GIVEN DATA —
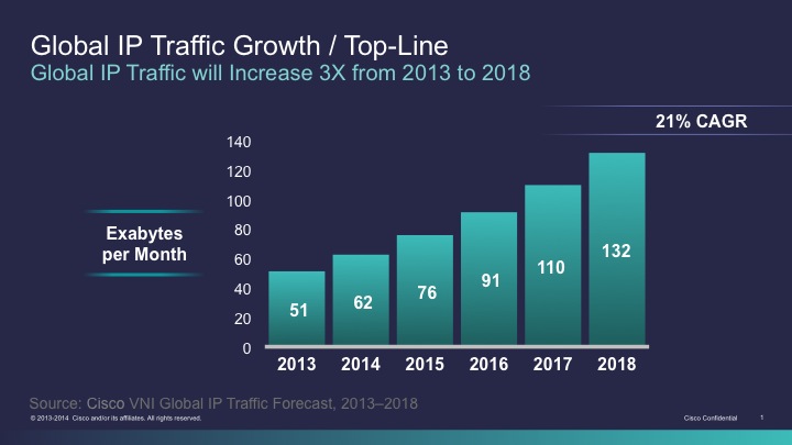 En 2018 el tráfico que cruzará las redes a escala global será mayor que la suma de todo el tráfico de años anteriores. Entre 1984 y 2013 se generaron 1,3 Zettabytes de tráfico IP a escala global; en 2018 se crearán 1,6 Zettabytes.
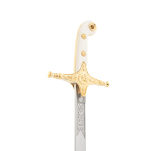 Royal Oman Ceremonial Royal Guard Sword Royal has a finely etched and distinctively curved single-edged blade which is double-edged for the last 12 inches of its length. This is a Mameluke sword with a crossed hilt made of ivory, featuring gold plated ornamental mounts. The brass guard of the sword is also gilded.
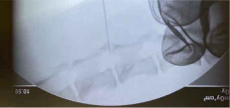 Cアーム撮影下での髄液採取
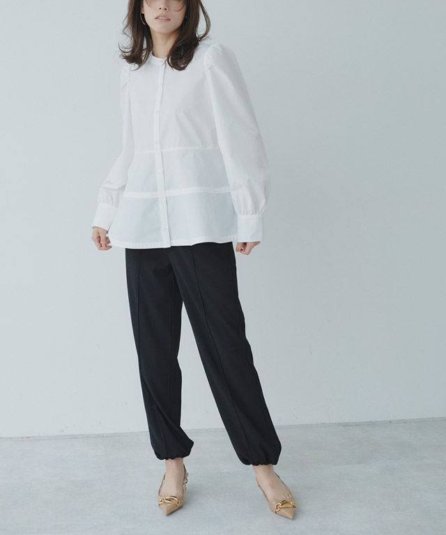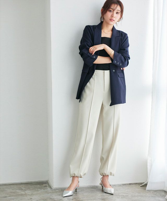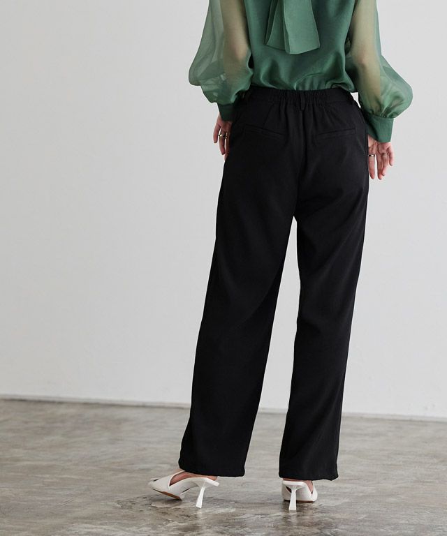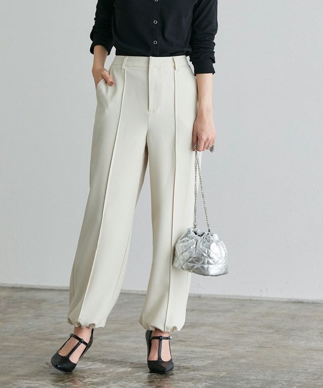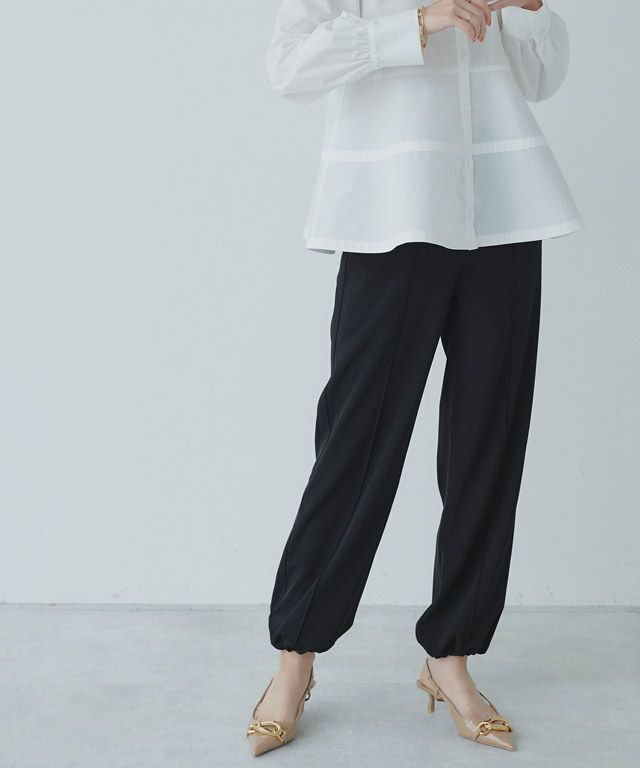 裾を絞らなければストレートシルエットで、きちんと見えを叶えるデザイン。裾のコードを絞るとシルエットを変えることができ、スタイリングを楽しむことができます。絞った際にコードが裾から出ない仕様もこだわりポイントの一つ。ON/OFFのスタイリングが楽しめます。

INSTRUCTIONS FOR THE TASK — What you return should be only the lines from the line with "Cアーム撮影下での髄液採取" through the last line of the listing above, exactly, both ends included, pictures excluded.

YOUR RESPONSE —
 Cアーム撮影下での髄液採取
 裾を絞らなければストレートシルエットで、きちんと見えを叶えるデザイン。裾のコードを絞るとシルエットを変えることができ、スタイリングを楽しむことができます。絞った際にコードが裾から出ない仕様もこだわりポイントの一つ。ON/OFFのスタイリングが楽しめます。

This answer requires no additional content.